The proposed AIA guidelines also call for a more unidirectional airflow, which won’t mix the air in the room. Instead, air—and the contaminants within—will be forced away from the surgical table toward air returns located near the floor. At least two air returns are still mandated. Air movement reduction will diminish the quantity of contaminants and keep air turbulence down. In this way, the system will work on the same principle as that of a cleanroom. The application of the proposed guidelines in the construction of new ORs should help minimize the numbers of wound-site infections.
Impact on users
Passage of this proposal, which is expected in early summer, will impact virtually every new and remodeling surgical facility project. However, existing surgical centers are typically grandfathered in and may not need to be remodeled.

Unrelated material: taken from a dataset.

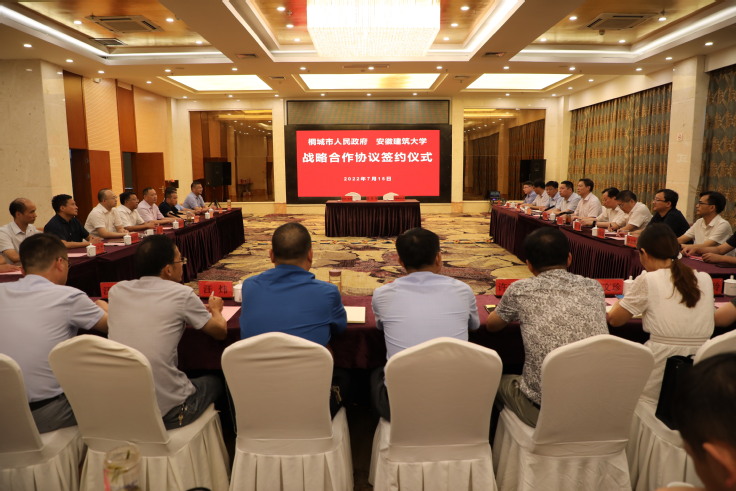 7月15日,校党委副书记、校长黄显怀,校党委常委、副校长蔡新立率队赴桐城市签订战略合作协议。桐城市委书记章周中,市委常委、副市长章友厚,市委常委、组织部长储江,以及学校办公室、科学技术处、科技成果转化中心、建筑与规划学院、土木工程学院、经济与管理学院相关人员参加了签约仪式。

Additionally, these proposed 2006 guidelines changes in OR air distribution are the first major changes in more than 20 years. It will take time for state or local building codes to adopt the new guidelines.
For some mechanical engineers and facility owners, this proposed change may mean business as usual, as their standard design practices already take into account the changes proposed in the 2006 guidelines.
Regardless, these requirements will potentially impact the way surgical room engineers design future ORs, as the options available to the designers are now limited.
Design engineers, architects and facility owners need to anticipate the necessary changes to accommodate surgical equipment on the ceiling, along with specified materials and additional construction costs.
In the end, hopefully the increase in costs as a result of the new design standards may be balanced by fewer lawsuits associated with surgical-site infections. But because some SSIs may be caused by particles that enter the body through the wound site and should be preventable with better airflow in the surgical room and proper filtration, the proposed guidelines are in the best interest of health-care facilities and the patients they care for.